= Madeleine Biardeau =

French Indologist

Madeleine Biardeau (16 May 1922 Niort - 1 February 2010 Cherveux) was an Indologist from France.

== Early life ==

Madeleine Biardeau was born into a middle-class family of small entrepreneurs. She was educated at the Ecole normale supérieure in Sèvres, where she studied philosophy. Here, she was attracted to the Eastern spirituality and started learning Sanskrit in order to study Hindu philosophy.

== Indology ==

Curious about India, Biardeau joined the University of Travancore for two years in the 1950s, and studied Sanskrit texts with pandits. She visited India almost every year until the 1990s, and worked closely with pandits at the Deccan College (Pune) and the French Institute of Pondicherry. She visited places of worship in towns and villages, surveying people from different castes and collecting information about the various cults and rituals. Meanwhile, she also taught at the École pratique des hautes études.

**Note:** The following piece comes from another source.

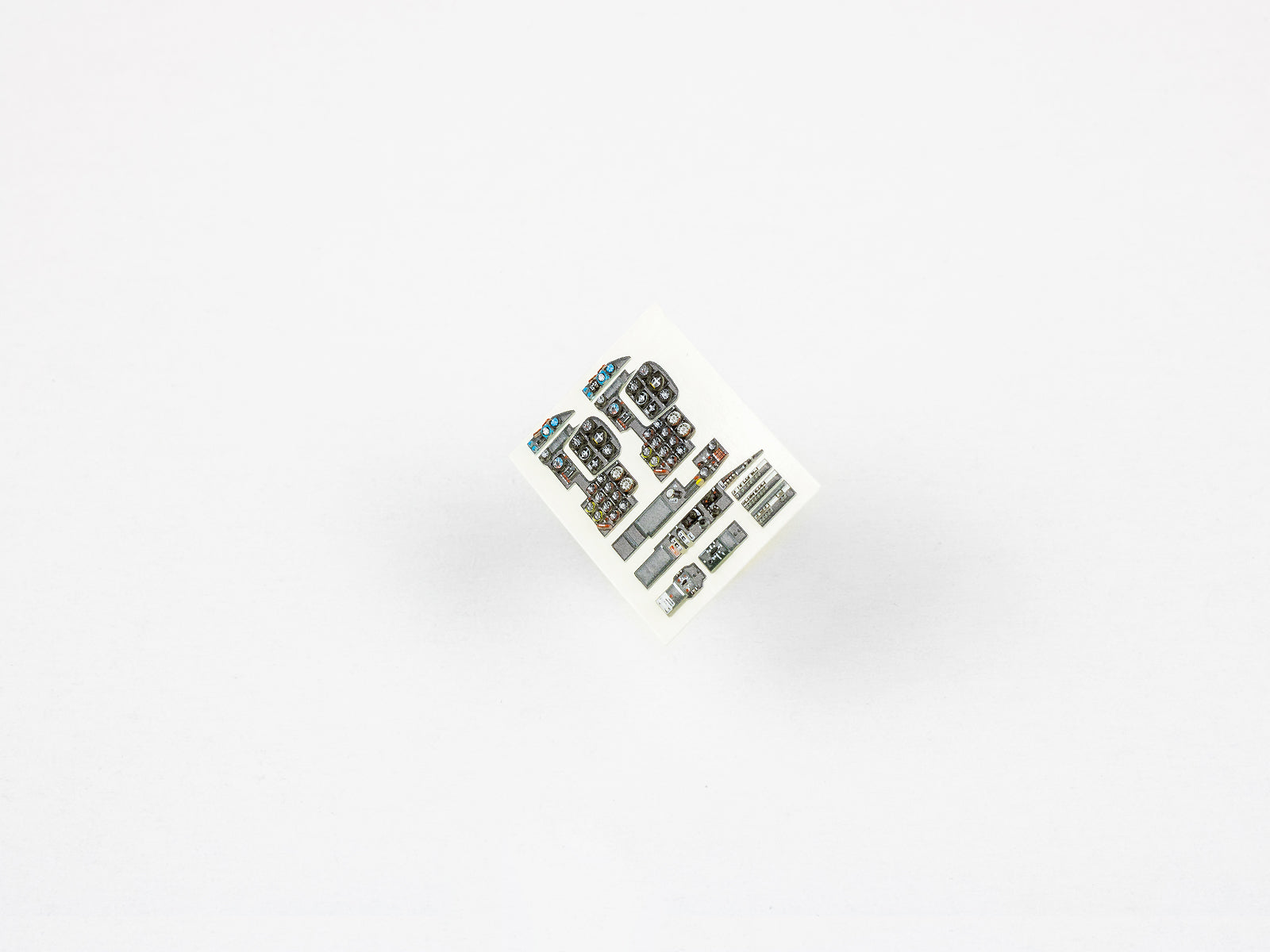 This set features ultra-sharp, high-resolution 3D-printed resin panels that replicate the distinctive Me 262 cockpit layout, including the prominent main instrument cluster, side consoles, flight controls, electrical panels, and fuel/engine monitoring gauges. Every dial, switch, and bezel is printed in vivid colour with raised detail that far surpasses standard decals or photo-etch.
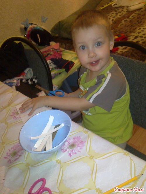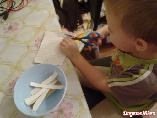Здесь дочка в процессе нарезания полосок, она умничка все полоски нарезала сама, Я только линии расчертила, ну а клеили мы вместе.

She studied the philosophy contained in the Puranas and the Advaita Vedanta in detail. She translated the works of Mandana Misra, Vacaspati Misra, and Bhartṛhari into French. She wrote her doctoral dissertation on The Theory of Knowledge and the Philosophy of Speech in Classical Brahmanism in 1964 (in French)

The Hindu epics constituted a main area of Biardeau's scholarship. She translated the Ramayana of Valmiki into French (1991), in collaboration with two other scholars: Marie-Claude Porcher and Philippe Benoit. Her last major work comprised the two edited volumes of the Mahabharata published in 2002.

Biardeau retired to Cherveux in 2008, and died there in 2010.

== Bibliography ==

- Histoires de poteaux : Variations védiques autour de la Déesse hindoue, École Française d'Extrême Orient, 2005.
  - Stories about Posts: Vedic Variations around the Hindu Goddess (1994). ISBN 978-0-226-04595-5. Translated by Alf Hiltebeitel.
- L'hindouisme, anthropologie d'une civilisation, Flammarion, 1995.
  - Hinduism: The Anthropology of a Civilization (1994). ISBN 978-0-19-563389-4. Translated by Richard Nice.
- Le Mahabharata, Le Seuil, 2002. A two-edition French translation of the Mahabharata.